Paper thin battery case

fixerupper

Well-known Member
Bought a new Everstart battery from Wallyworld yesterday and set it down in the battery box of one of my two banger Deeres. Today there was water dripping out of the bottom of the battery box and slowly seeping across the floor. Pulled the battery this eve and one cell was empty. Cleaned up the bottom of the battery and there was a small scratch with a drip coming out of it under that cell. Looked in the battery box and it was clean except for a little short length of what looked like 3/32" welding rod or wire. There was a rough end on the wire and that rough end had made the scratch in the bottom of the battery. The tractor had not been driven and was only run for five minutes or so. I was real surprised at how thin the bottom of that battery is. I have to swallow the cost of this one but I'm hesitant to get another one from Wally World for use in a tractor if the bottom is that thin. What do you guys say? Are they all that thin today?
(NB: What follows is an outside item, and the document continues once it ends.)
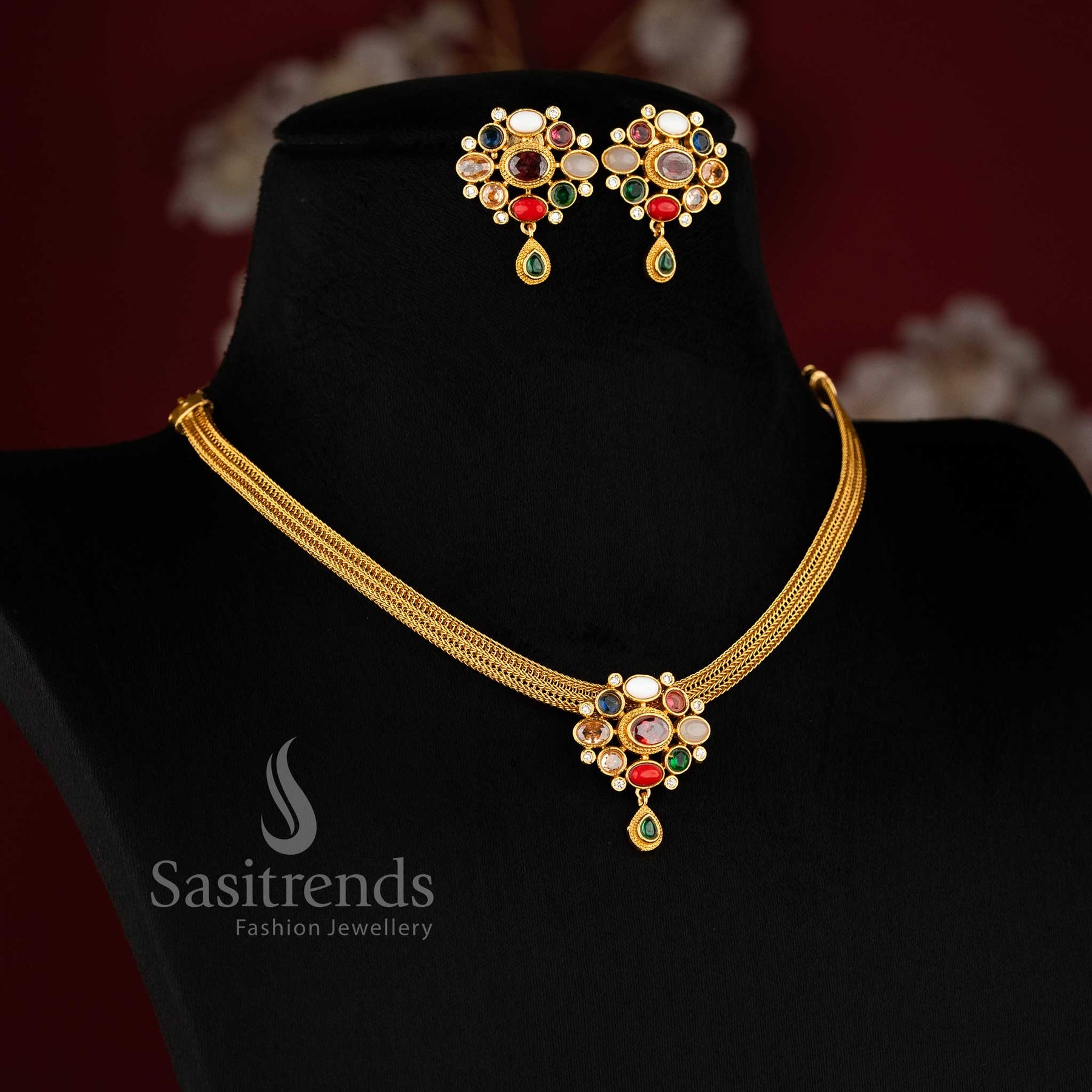 - Product Description: Elevate your traditional attire with our Matte Gold Plated Navrathna Choker Set featuring a stunning floral pendant and matching earrings. Crafted from high-quality brass and temple gold plated, this exquisite jewelry set is adorned with navrathna AD stones, creating a perfect blend of elegance and tradition. The choker necklace boasts a floral pendant center with an oval-shaped stone, surrounded by glistening navrathna AD stones. A delicate tear drop stone motif hangs gracefully at the base, adding a touch of sophistication. The pendant connects with an addigai-style flexible chain, ensuring a comfortable fit. Paired with the necklace, the matching earrings feature a floral pattern on top and mimic the pendant design at the bottom, with small tear drop stone motifs for a cohesive look. The entire set is ideal for pairing with sarees, half sarees, or any traditional outfit, making it a must-have for weddings, traditional parties, birthdays, and festive occasions.

Jim
 
Yeah I agree, should be o different when they don't take a charge on warranty, they should give you a refund.
 
My store wouldn't warranty a "Damaged " battery ,
only electrical problems, and it's even worse that
they didn't install it ....Good Luck !! Patch that
hole with JB weld and refill the acid ..I've had
several work like that .
 
HE stabbed the battery to death and YOU say get warranty????

I had a similar thing happen about six months ago when I carelessly dropped a battery into a 4020 DEERE battery box, and jabbed it against the tab where the spring goes to hold down the lid. I didn't WHINE, just sucked it up and bought another battery.
 
Batteries have very thin plastic cases.Son and I did a scrap clean up.Found a battery with the case desintergrated.The old hard rubber cases were much better.The sun will wreck plastic cases.Cheating on warranty is common but I dont do it.Those who do it would be real upset if it were done to them.
 
The bottoms are meant to blow out in the case it would explode. This is a built in safety rather than have the top explode in someone's face.
 
Well back when I had to watch every penny, I bought a new
battery and got it home. Had a plastic strap with a metal catch
thing on each end that fit over the terminals and the lifting
pressure was supposed to make it bite in and hold.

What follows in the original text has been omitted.